If grief could be described as ice cream, I would say it is quite like vanilla, a standard flavor, the most standard flavor. Everyone will eventually be served a scoop alongside some other more desirable option, whether they ask for it or not. Disenfranchised traumatic grief, then, would be like ribbons of lemon sorbet being folded into the mix with filaments of tart lemon zest that are neither easily seen (recognized) nor able to be dissociated from the rest of the scoop. The sting of the tartness sharpens the senses as one eats the part of the dessert, they neither ordered nor wanted in the first place but couldn’t push away once it was in front of them, either.

Several of my past and present child clients live in care situations outside of the homes occupied by their families of origin. They did not choose to be born; they did not choose to be neglected or abused; and they also did not choose to be removed from their families of origin, which represents another form of grief for them, though their circumstances did not promote healthy wellbeing or allow for a normal course of development.

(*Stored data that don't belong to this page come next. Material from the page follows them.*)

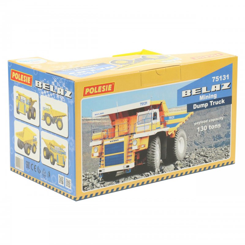 Belaz Wywrotka wyposażona jest w ruchomą skrzynię ładunkową, którą można podnieść i w łatwy sposób opróżnić. Produkt został wyprodukowany na licencji Belaz, więc przypomina pojazdy poruszające się po prawdziwych budowach.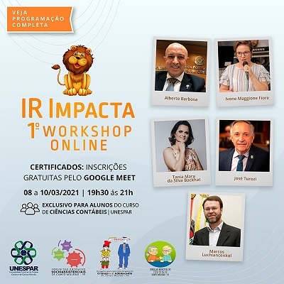 O Fórum das Entidades Sócio-assistenciais de Campo Mourão e o curso de ciências contábeis da Unespar vão realizar de 8 a 10 destes mês o IR Impacta. Será um workshop online para levar informações sobre a campanha de destinação de parte do Imposto de Renda para os fundos municipais dos Direitos da Criança e do Adolescente e do Idoso. A inscrição é gratuita.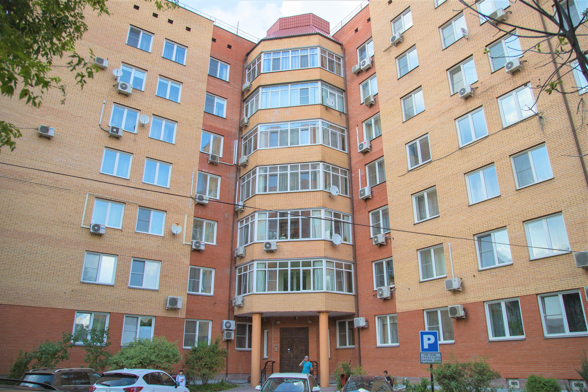 Закрытая придомовая территория с круглосуточной охраной и видеонаблюдением, подземный паркинг.
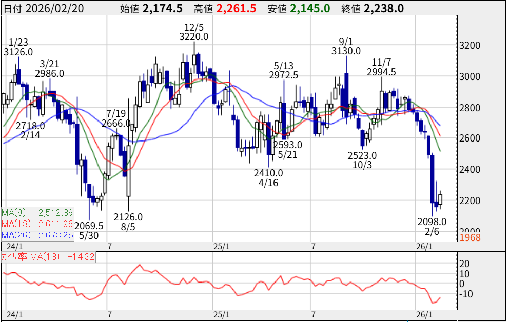 • 今回の相場下落でも下値抵抗線である2200円で反発し、下値の堅さを証明しました。

Often, their ambivalence oscillates between longing for the happy days they lived with their loved ones, which may have been few and far between, and wishing for something that never existed for them, in a mother that held them, made them feel wanted and loved or in a father that fixed boo-boos rather than creating them.

However, holding on to that place in my memory serves as a resource when I’m feeling down, discouraged, or otherwise off balance.

Memory as Resource

As Easter is nigh, revisiting my grandparents’ kitchen reminds me of dying eggs, baking cookies, and blending homemade orange slushies at the countertop with my grandmother. The sliding glass door from the kitchen opened to a small wooden porch at the back of the house. On that porch, I remember rubbing “motion” (my word for “lotion,” which was sunscreen) generously and gingerly on my grandfather’s head before he took me on the riding mower to cut the grass around the yard and over the hills behind their house.

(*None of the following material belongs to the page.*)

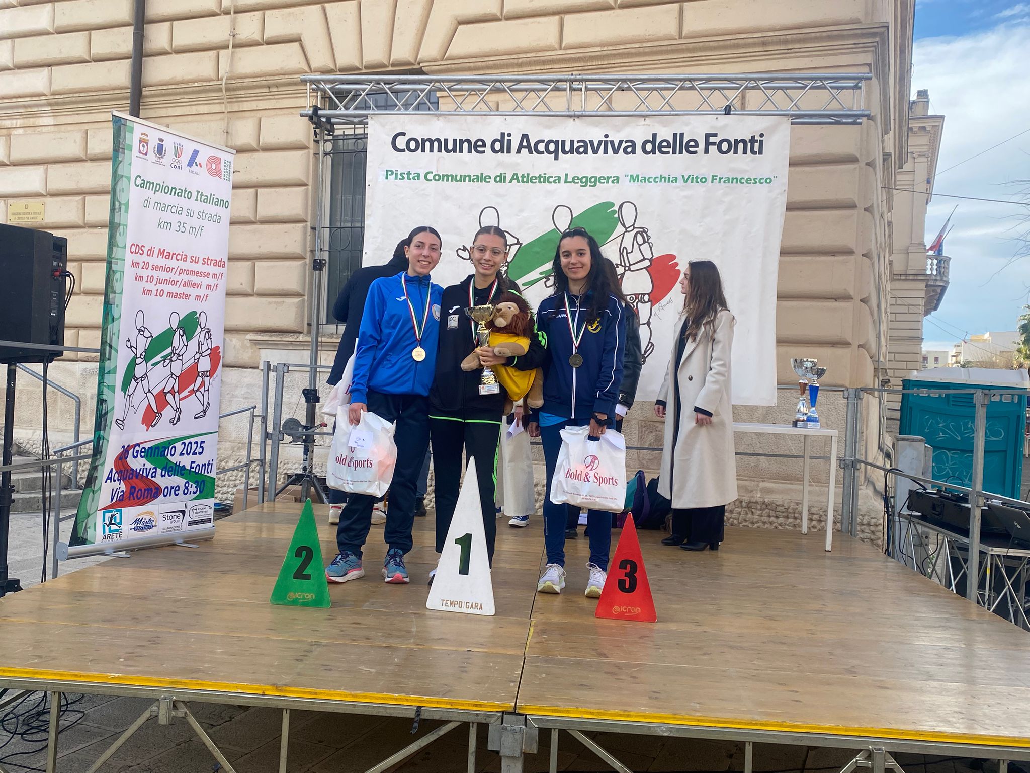 Il carabinieri Cosi vincitore della gara di marcia 20 km. Palmonari prima nelle allieve con il primato regionale e la junior Buselli sotto i 50 minuti nella 10 km.

At every turn past a small pompom tree that grew in the front yard, I would pull off a budding white flower or a leaf and squeal in delight as I put it on the hood of the riding mower and watched it shake off to the side with the vibration of the motor. I would usually finish the ride asleep on my grandfather’s lap, soaking in the sun from a warm summer’s day, not feeling a care in the world.

My grandmother’s death preceded my grandfather’s by 11 years. After my grandfather died, a young couple bought their house and land and made changes and new additions. Some changes were voluntary, like repainting the kitchen and rebuilding a bigger, sturdier deck onto the back of the house as an outdoor extension to the kitchen in summer months. Some changes were involuntary, but necessary, like removing the vestiges of trees that had died, which opened the landscape to reveal different views of the house and land.

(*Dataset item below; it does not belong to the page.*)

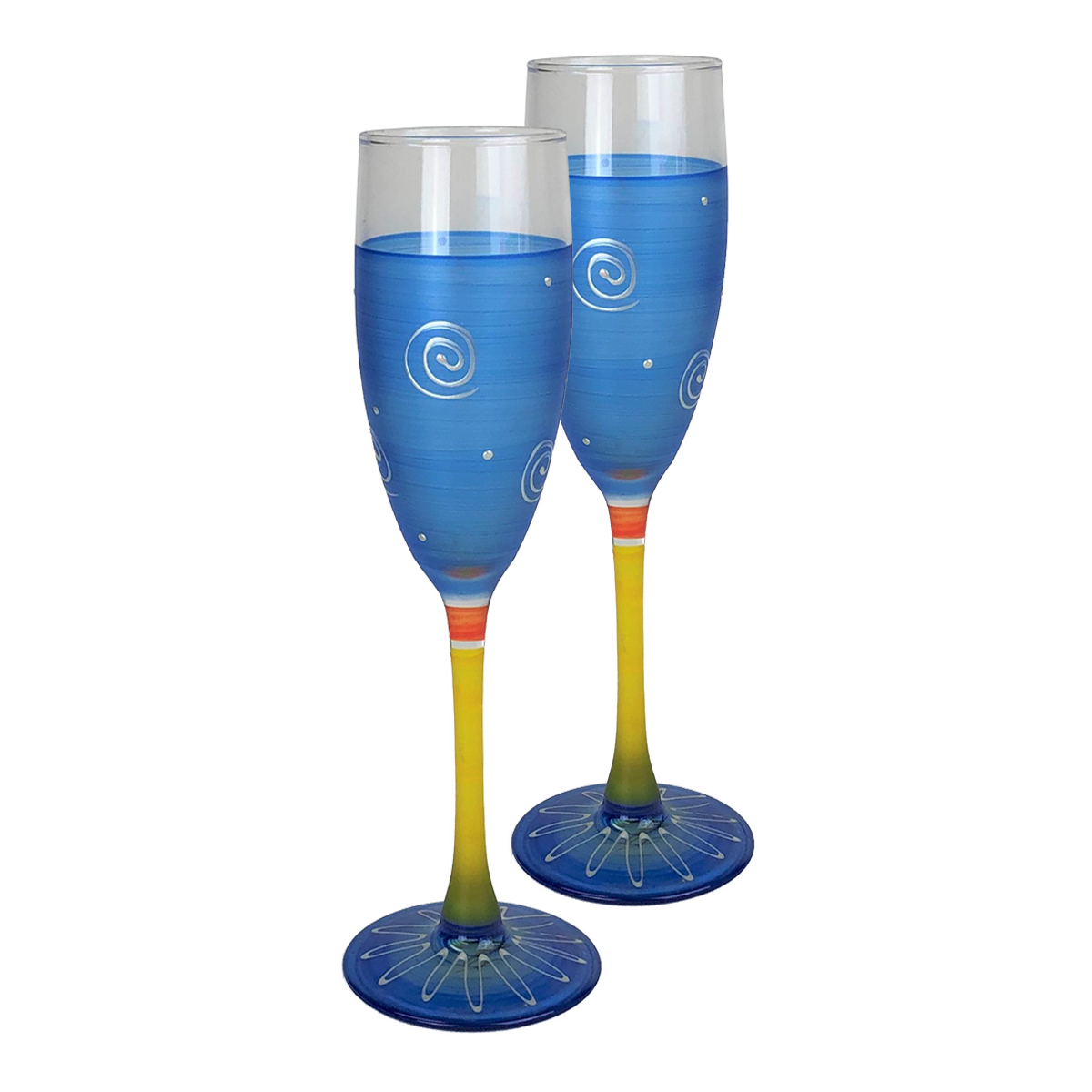 Each of our champagne flute glasses are unique and special. Carefully and lovingly hand painted by the Artistic Team at Golden Hill Studio. It is perfect for anytime of the year. There are 8 featured colors and so much fun to mix and match! No need for wine charms....just pick your color. Golden Hill Studio is not just about fine glassware but about fine living! The studio is in a farmhouse that dates to the 1860's on 100 acres of peaceful and serene country side. A daily inspiration to beauty and nature. All photography is done either inside Golden Hill's beautifully restored farmhouse or outside in the extensive and lovely gardens!! Please hand wash.

My family has remained in contact with the new family in the house, and my mom has been on a walk-through tour of the updates and renovations they have made to the over-100-year-old house that she grew up in. I, however, do not believe I will ever be able to walk through it again, not because I wouldn’t be invited, but because I am afraid that it will change my capacity to continue to hold my happy place in my mind and heart.

As an expat living thousands of miles away, I count on my happy memories as resources to wash away the vanilla- and lemon-tinged grief that shows up on the dessert plate of my current existence, unwanted and unexpected, across the oceans and continents that divide me from my family back home. These memories, and the soul-nurturing feelings I can still feel upon revisiting this place and these people in my dreams, provide palate-cleansing relief to the sharp contrast of my therapeutic work with traumatized individuals and families.

So, in that short interstice between the still-sort-of-sleeping and not-quite-waking early hours of the morning, when a visit to my grandparents’ kitchen is ever-so-real and still possible, hitting the snooze button becomes a worthwhile endeavor, if only to hang on to a place and a time that does not exist anymore, except in my mind.